During the tests, the signals are monitored and recorded every 15 seconds and displayed on the PC monitor. The primary water temperature and flow rate, the gradient tube thermal switches, and the cabinet power supply also are monitored. The 480 VAC input, the light curtain, and the cooler status are monitored every second using the TTL sense feature of the Keithley 7037 Switch Card in the 7002. A sense relay on the 480-VAC line trips on an undervoltage or phasing error.
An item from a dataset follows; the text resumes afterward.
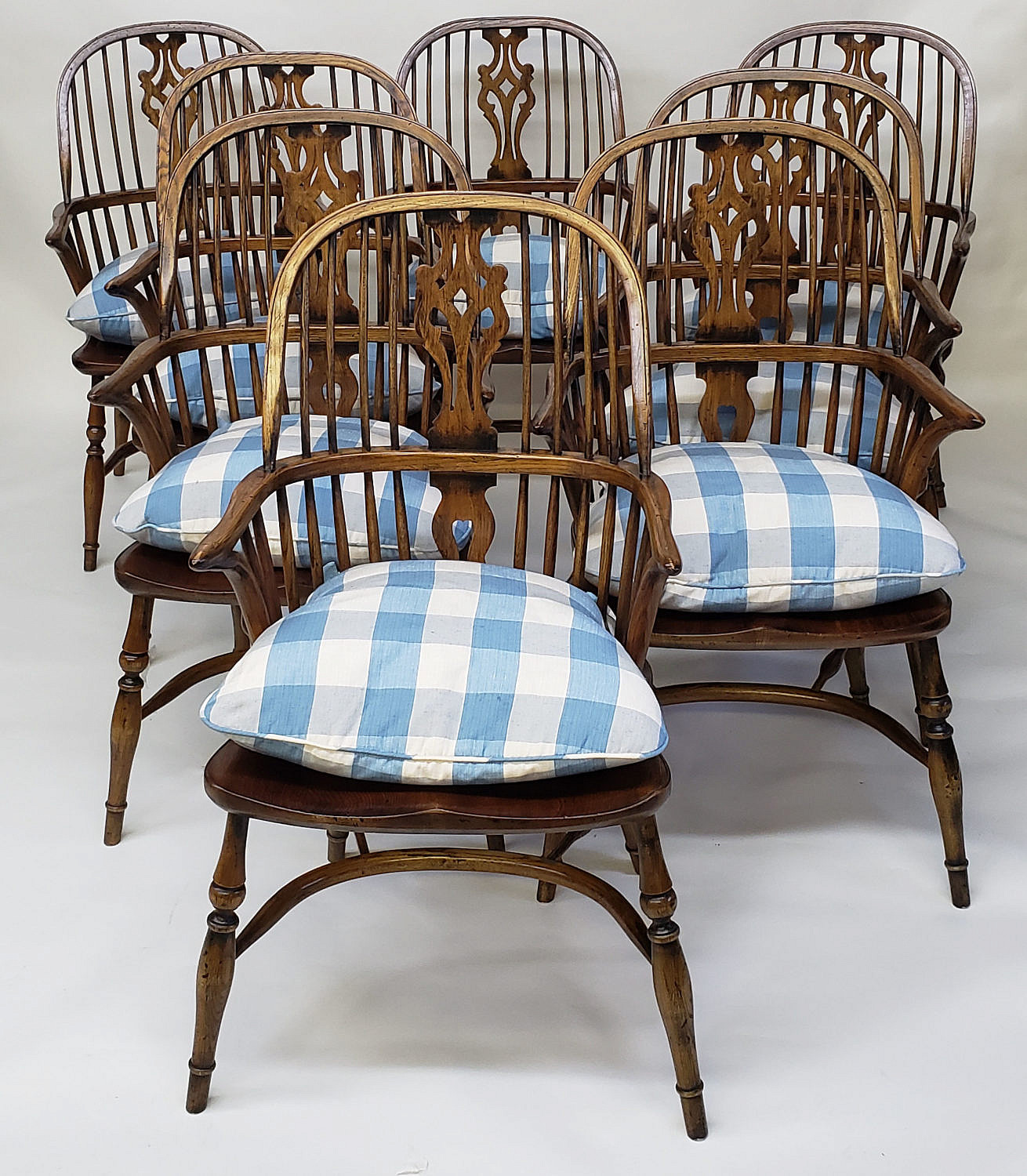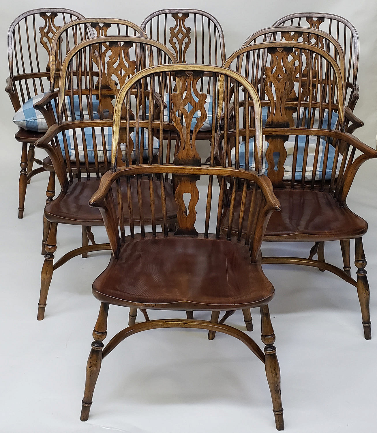 Eight English Elm Splat Back Windsor Dining Chairs Consign Now DeptFurniture, Furniture/Decorative ArtsSizeHeight 40 in. Width 22 in. Depth 18 in. Seat Height 17.5 in. Eight English Elm Splat Back Windsor Dining Chairs, each custom built with brass plaque, “Made in England”, affixed to the base. Height 40 in. Width 22 in. Depth 18 in. Seat Height 17.5 in. Please note that this auction has ended. Click here for an overview of this auction.

The test time is three hours for a single drawer; if the system were fully loaded, the test would take about eight hours. Some of the basic tests can be run simultaneously for all axes. The high current tests must be run one axis at a time because of limitations in the amount of power available.
Conclusions
We learned several lessons from this project. First, maintain good communications with the customer to prevent misunderstandings and keep up with design changes. Secondly, learn as much as possible about the final application of whatever equipment is being built so testing can be as realistic as possible. And last, it’s vital to plan for change and not just let it happen.
About the Author
Joseph Hupf is a senior test engineer at Tracewell Systems. He has more than 30 years of automated test experience with transformers, circuit board assemblies, and power supplies. He received a B.S.E.E. from the State University of New York at Buffalo. Tracewell Systems, 9962 Rte. 446, Cuba, NY 14727, 585-968-2400, e-mail: [email protected]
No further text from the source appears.